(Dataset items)
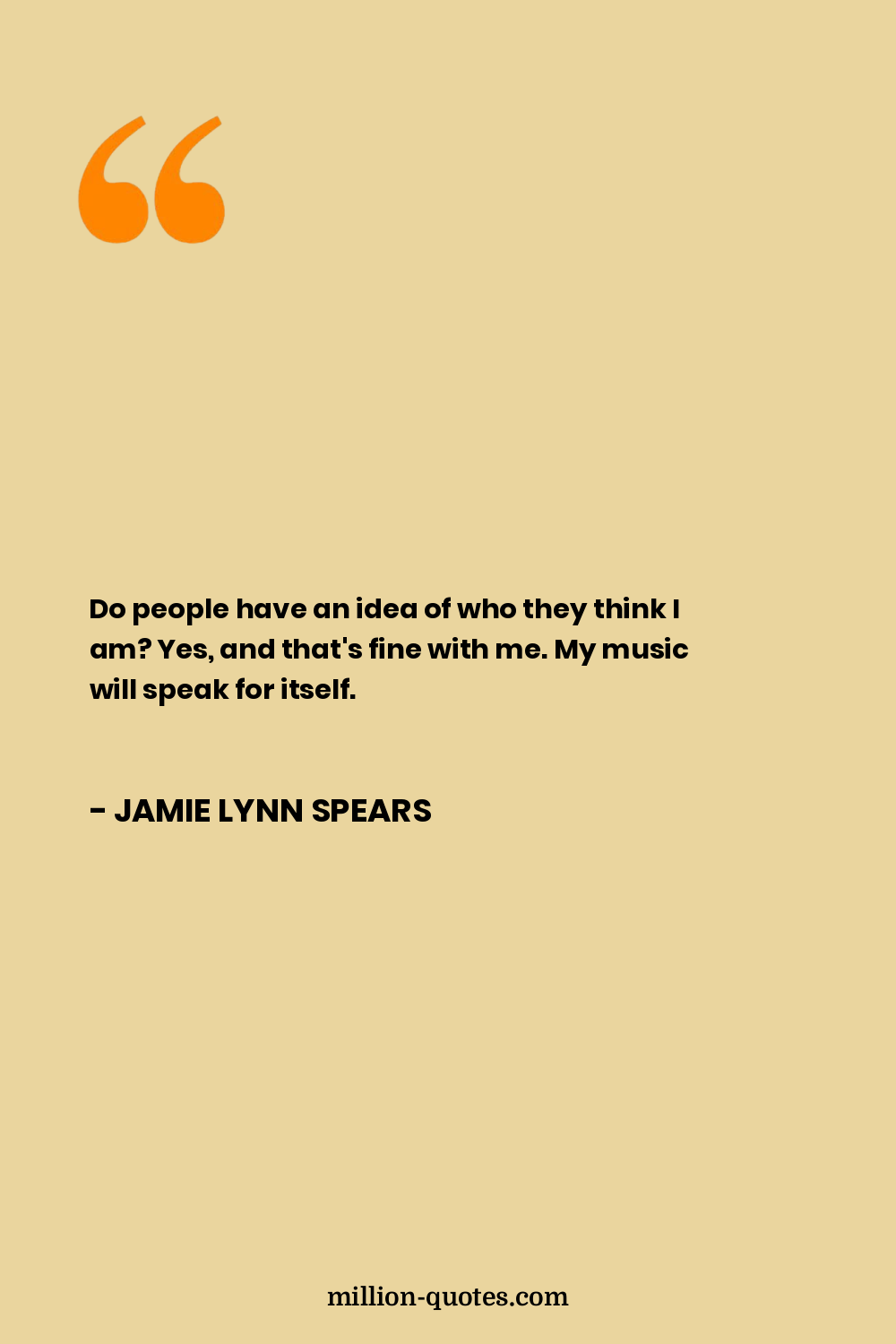 Do people have an idea of who they think I am? Yes, and that's fine with me. My music will speak for itself.
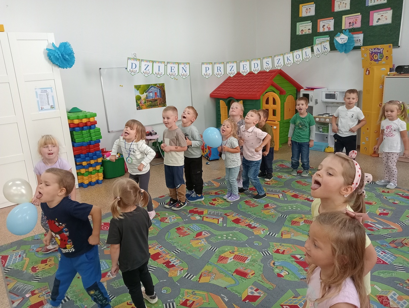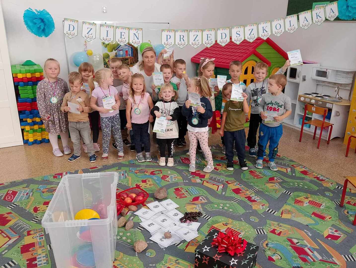 Dzisiaj, 20.09.2024r przedszkolaki z młodszej grupy obchodziły DZIEŃ PRZEDSZKOLAKA. Król Borys zaprosił listownie nasze dzieci na długą wyprawę do ,,Krainy Przedszkolandii".Ady dotrzeć do ów krainy dzieciaki musiały zmierzyć się z zadaniami, które przygotował król Borys. Odwaga i haryzma naszych wychowanków pomogła pomyślnie dotrzeć do celu. Po długiej i wyczerpującej podróży czekał na nasze pociechy słodki poczęstunek. Dziękujemy również Pani Dyrektor za słodkie upominki z okazji dzisiejszego święta. Pamiętajmy że uśmiech dziecka jest największym skarbem 😀😀😀
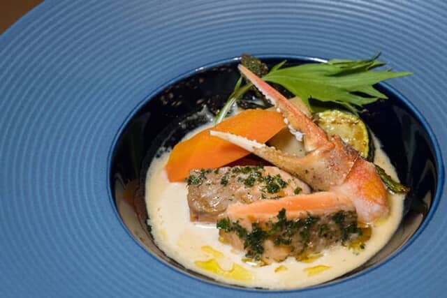 もう一方のメインプレートは「サーモンのグリル 白ワインソース」。身がたっぷりついたカニの爪はゴージャス感たっぷり。ズッキーニや人参などの野菜も味がしっかりしていて北海道の味を実感。肉厚のサーモンは、味に奥行きのあるホワイトソースにひたっていて、絶品の味を満喫しました。
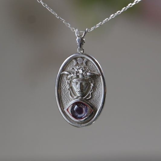 Hecate Moon Goddess Green Eye 925 Silver Necklace
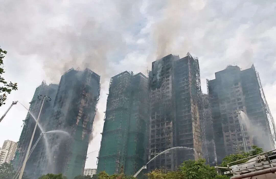 11月27日9时,记者在香港大埔火灾现场看到,多栋楼宇明火已逐渐被扑灭,但仍有数处火点。
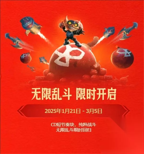 4. 无限乱斗 活动时间:1月21日 - 3月5日 游玩入口:客户端参与 活动内容:春节期间,参与无限乱斗模式,享受更加狂野和轻松的游戏体验,放松心情,体验乱斗的乐趣。
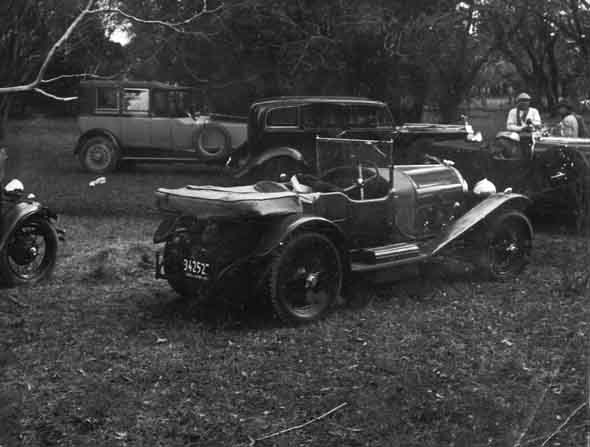 El que sale con la cámara es Eduardo Ortega, fotógrafo del diario La Razón, por entonces dueño del Bentley 3 litros de 1927 (N. del E.: parece estar sacándole fotos a una Bugatti Type 40). Atrás aparece “El Capitán” Porreti hablando con Guillermo Vago. Otros autos que se ven en esta foto son un Ford A (Hale), el Bentley 4,5 litros (Porreti), un Rolls-Royce Silver Wraight y un Phantom III (Chuzo González padre).
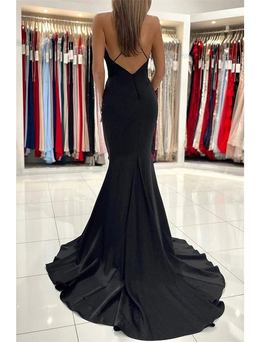 Mermaid / Trumpet Prom Dresses Open Back Dress Formal Prom Court Train Sleeveless V Neck Stretch Fabric with Pleats
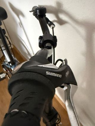 A estrenar! Cuadro aluminio 7005. Cambio 6vel., Mando de cambio y Piñón Shimano. Frenos V-Brake aluminio. Ruedas 24". Llantas aluminio. Manillar y Pedales plegables. Guardabarros. Porta bultos. Pata de cabra. Timbre. Sillín Confort. Puños y Sillín símil cuero. No incluye Candado. Dimensiones plegada 85x70x35 cm. Dispongo de 2 unidades a estrenar. En tienda salen por 259'98 euros/unidad. Agotadas actualmente . Precio unitario.

→ What is needed: Your answer must be an exact copy of the entries above, with no pictures in it.

→ Solution to this task:
 Do people have an idea of who they think I am? Yes, and that's fine with me. My music will speak for itself.
 Dzisiaj, 20.09.2024r przedszkolaki z młodszej grupy obchodziły DZIEŃ PRZEDSZKOLAKA. Król Borys zaprosił listownie nasze dzieci na długą wyprawę do ,,Krainy Przedszkolandii".Ady dotrzeć do ów krainy dzieciaki musiały zmierzyć się z zadaniami, które przygotował król Borys. Odwaga i haryzma naszych wychowanków pomogła pomyślnie dotrzeć do celu. Po długiej i wyczerpującej podróży czekał na nasze pociechy słodki poczęstunek. Dziękujemy również Pani Dyrektor za słodkie upominki z okazji dzisiejszego święta. Pamiętajmy że uśmiech dziecka jest największym skarbem 😀😀😀
 もう一方のメインプレートは「サーモンのグリル 白ワインソース」。身がたっぷりついたカニの爪はゴージャス感たっぷり。ズッキーニや人参などの野菜も味がしっかりしていて北海道の味を実感。肉厚のサーモンは、味に奥行きのあるホワイトソースにひたっていて、絶品の味を満喫しました。
 Hecate Moon Goddess Green Eye 925 Silver Necklace
 11月27日9时,记者在香港大埔火灾现场看到,多栋楼宇明火已逐渐被扑灭,但仍有数处火点。
 4. 无限乱斗 活动时间:1月21日 - 3月5日 游玩入口:客户端参与 活动内容:春节期间,参与无限乱斗模式,享受更加狂野和轻松的游戏体验,放松心情,体验乱斗的乐趣。
 El que sale con la cámara es Eduardo Ortega, fotógrafo del diario La Razón, por entonces dueño del Bentley 3 litros de 1927 (N. del E.: parece estar sacándole fotos a una Bugatti Type 40). Atrás aparece “El Capitán” Porreti hablando con Guillermo Vago. Otros autos que se ven en esta foto son un Ford A (Hale), el Bentley 4,5 litros (Porreti), un Rolls-Royce Silver Wraight y un Phantom III (Chuzo González padre).
 Mermaid / Trumpet Prom Dresses Open Back Dress Formal Prom Court Train Sleeveless V Neck Stretch Fabric with Pleats
 A estrenar! Cuadro aluminio 7005. Cambio 6vel., Mando de cambio y Piñón Shimano. Frenos V-Brake aluminio. Ruedas 24". Llantas aluminio. Manillar y Pedales plegables. Guardabarros. Porta bultos. Pata de cabra. Timbre. Sillín Confort. Puños y Sillín símil cuero. No incluye Candado. Dimensiones plegada 85x70x35 cm. Dispongo de 2 unidades a estrenar. En tienda salen por 259'98 euros/unidad. Agotadas actualmente . Precio unitario.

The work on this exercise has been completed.